For comparison purposes, we brought in the iBuyPower Snowblind, the NZXT's H710, the Corsair iCUE 465X RGB, and the Fractal Design Define S2 Vision, to give you a good idea of where the Vybe sits compared to its competitors with similar sizes and feature sets. We also tested the Vybe with the company's own APEX water cooling solution, a $149 option.
Despite the size of the intake vents lining the side of the front panel, the dual-120mm intake fans feeding the single 120mm exhaust fan provided more than enough airflow into the chassis to keep our test system temps in check. CPU temperatures leveled off at 58 degrees Celsius over ambient. These results bested the competition across the board, though just by a slim margin. GPU temperatures maxed out at 51 degrees Celsius over the ambient room temperature, putting the Vybe into a tie for second place.
As always, sound pressure level readings were taken with two off-the-shelf dB meters from two different angles.

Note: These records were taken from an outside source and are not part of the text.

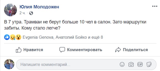 Как сообщают одесситы, такие действия водителей вызывают агрессию у потенциальных пассажиров: в районе Марсельской недовольные перекрывали рельсы, требуя везти всех, а не по 10 человек в вагоне, в трамвае №10 возмущенные выбили стекло, а в вагоне трамвая №20 вообще угрожали водителю ножом.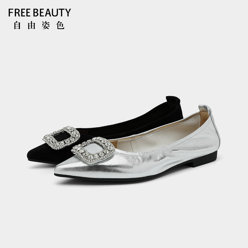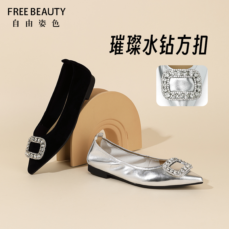 气质优雅宴会浅口单鞋 新款 春秋季 自由姿色一脚蹬水钻方扣单鞋
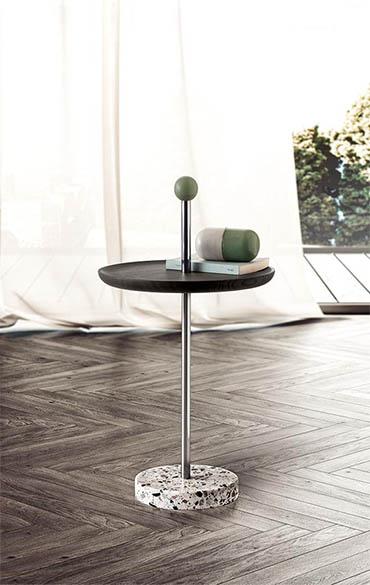 A collection of functional and elegant accessories, Contralto wears its pared-back, linear look as a distinguishing feature. The series comprises mirror, side tables and valet stands. The latter all share a common specific detail giving them their distinctive character: a terrazzo plinth serving as the base supporting a sleek, slender metal stem that has a series of elements branching off it at the ideal height for practical use. The resulting forms are fluctuating sculptural volumes, often portable, invariably full of life, designed to simplify those little everyday actions. All shelves and set-down spaces are made from turned and smoothed ash to provide a lovely tactile quality and prevent damage of any kind to whatever item of clothing or other object is placed on them, no matter how delicate. These pieces can be tailored to individual requirements, choosing any of the Pianca wood options.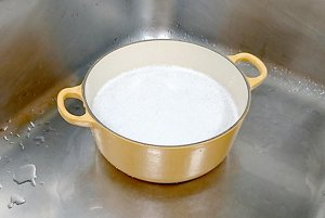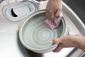 必ず、手でさわれる程度に冷ましてから、やさしく洗いましょう。油分が多い場合は、食器用洗剤「キュキュット」を使って。外側の鍋底の部分は、釉薬(うわぐすり)がかかっていないため、強く洗いすぎると傷が入ってひびの原因になるので、やわらかいスポンジで軽くなでるように洗います。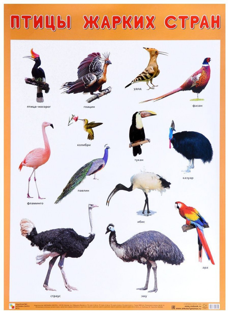 💳 Оплатить за товар можно при получении 🇰🇿 Есть бесплатная доставка по Казахстану от 1 дня 🎁 Копите бонусы с каждой покупки Серия: Плакаты большого формата Плакат большого формата «Птицы жарких стран» познакомит детей с экзотическими птицами, поражающими красотой своего оперения и удивляющими разнообразием внешнего облика. Четкие, яркие фотографии обязательно заинтересуют ребят и помогут усвоить новые знания. Наглядный материал может быть использован на занятиях по ознакомлению с окружающим миром, для развития речи и мышления. |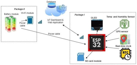 The platform follows a two-package layout to simplify installation and ensure electrical isolation. Packet I houses a sensing and compute system: an ESP32 microcontroller with Wi-Fi/Bluetooth, a calibrated temperature/RH sensor, a GPS module, a real-time clock (RTC), and a microSD card for resilient local logging. Packet II contains power and connectivity: a LiFePO4 battery pack with protection, DC–DC conversion (12 V and 5 V rails), and a Wi-Fi modem. The units are coupled via a keyed harness with over-current protection. Environmental measurements and GPS are timestamped on-device and published via MQTT when a link is available; otherwise, records accumulate locally and are backfilled upon reconnection. A web application renders live and historical views with user-level access controls. Figure 1 presents the system architecture. The components of this system are as follows: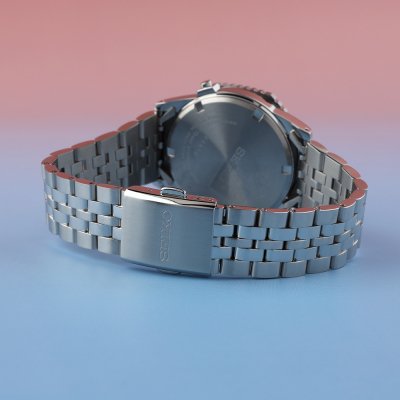 Cette montre Seiko a un boîtier Inox 37 mm en diamètre et est équipée d'un bracelet Inox. Le boîtier contient un mouvement Seiko Instruments Inc. et la montre est dotée d'un cristal Hardlex crystal..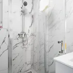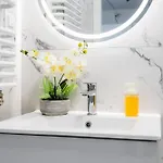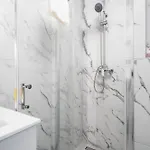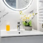 وهي مزودة بأرضيات مبلّطة. ويشتمل الحمام أيضًا على مجفف الشعر وملاءات الحمام والمناشف.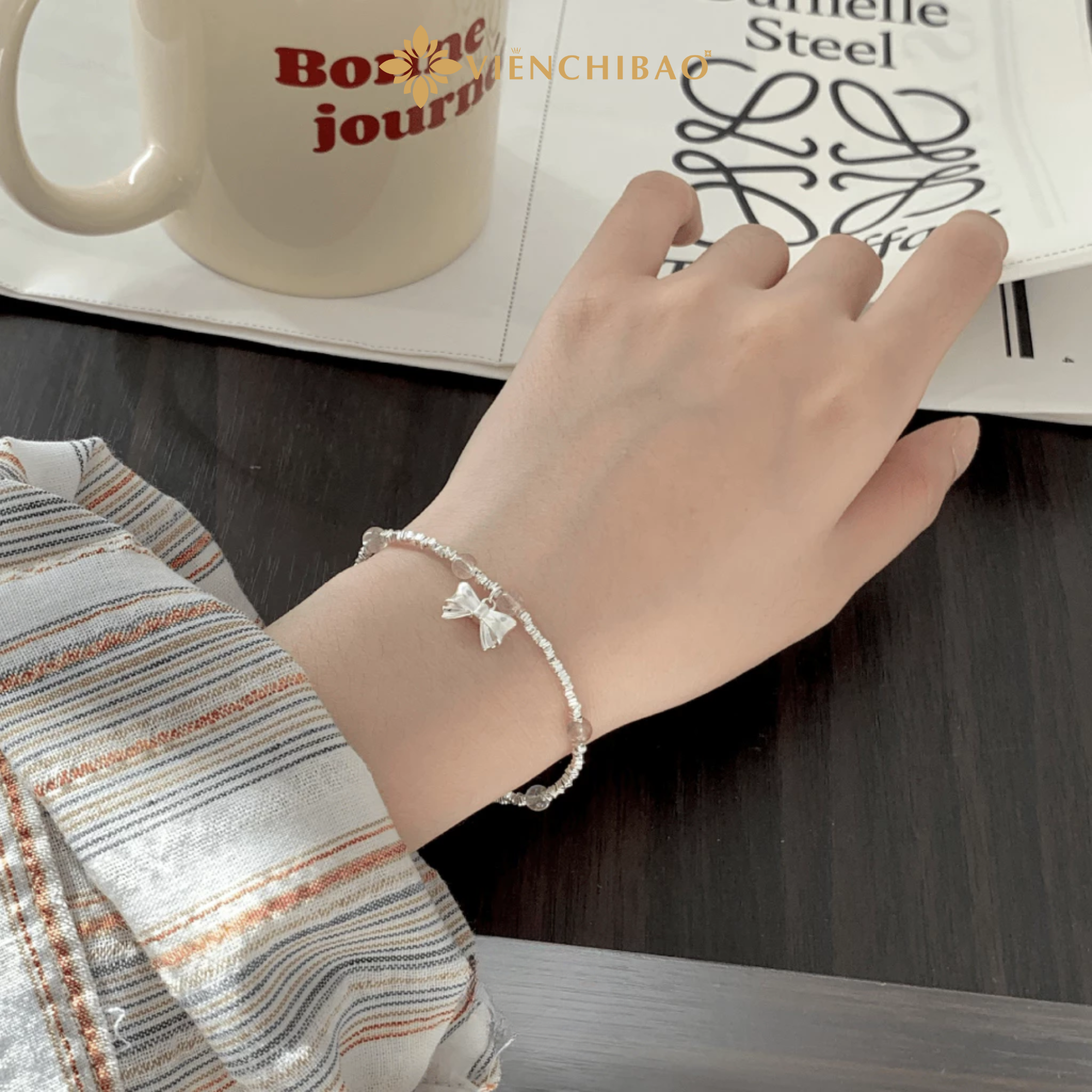 Điểm nhấn trung tâm là chiếc mặt nơ nhỏ nhắn được đánh bóng kỹ lưỡng, mang đến vẻ đẹp vừa đáng yêu vừa tinh tế. Thiết kế chuỗi hạt dạng vòng tròn mềm mại, có phần nối và khóa điều chỉnh độ dài, phù hợp với nhiều kích cỡ cổ tay. Nhờ đó, người đeo vừa cảm thấy thoải mái vừa có thể tự tin phối hợp cùng nhiều loại trang phục khác nhau – từ phong cách ngọt ngào, dễ thương đến thanh lịch, hiện đại.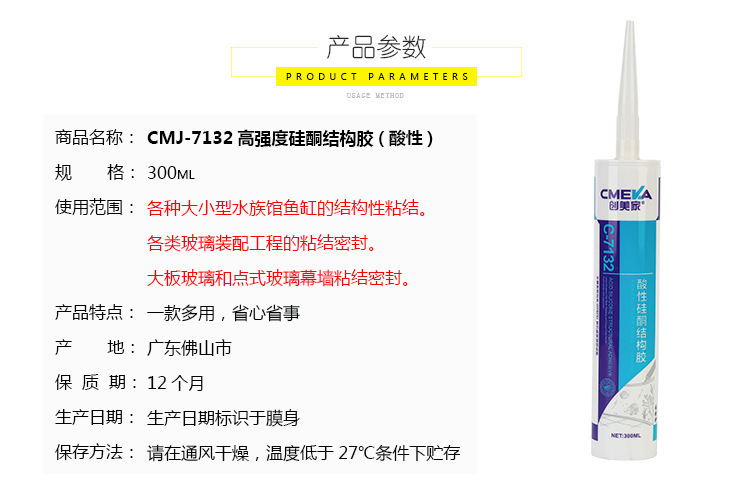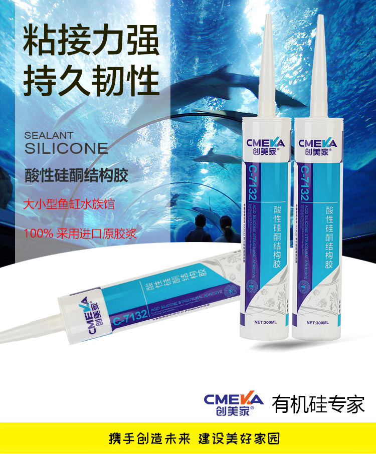 1、創(chuàng)美家C-7132系單組份、醋酸型、高模量、室溫固化結(jié)構(gòu)膠。

With the fan speed set at the maximum 1,200 rpm, our test system registered a just 29.7dBA at idle. With the test system under load, sound output reached a maximum of 32.1dBA, also tied for second place.
Cooling efficiency and noise levels are both ways to measure performance. Determining acoustic efficiency, also referred to as cooling-to-noise ratio, is a matter of averaging all of our tests to determine a base value. The Maingear Vybe performed better than the majority of our test group, while costing significantly less.
The Maingear Vybe is a feature-packed chassis that has something for everyone. Power users will like the thermal and acoustic performance. Gamers will love the case's looks. All kinds of userswill enjoy the case's quiet operation, and everyone will no-doubt love the budget friendly $120 asking price.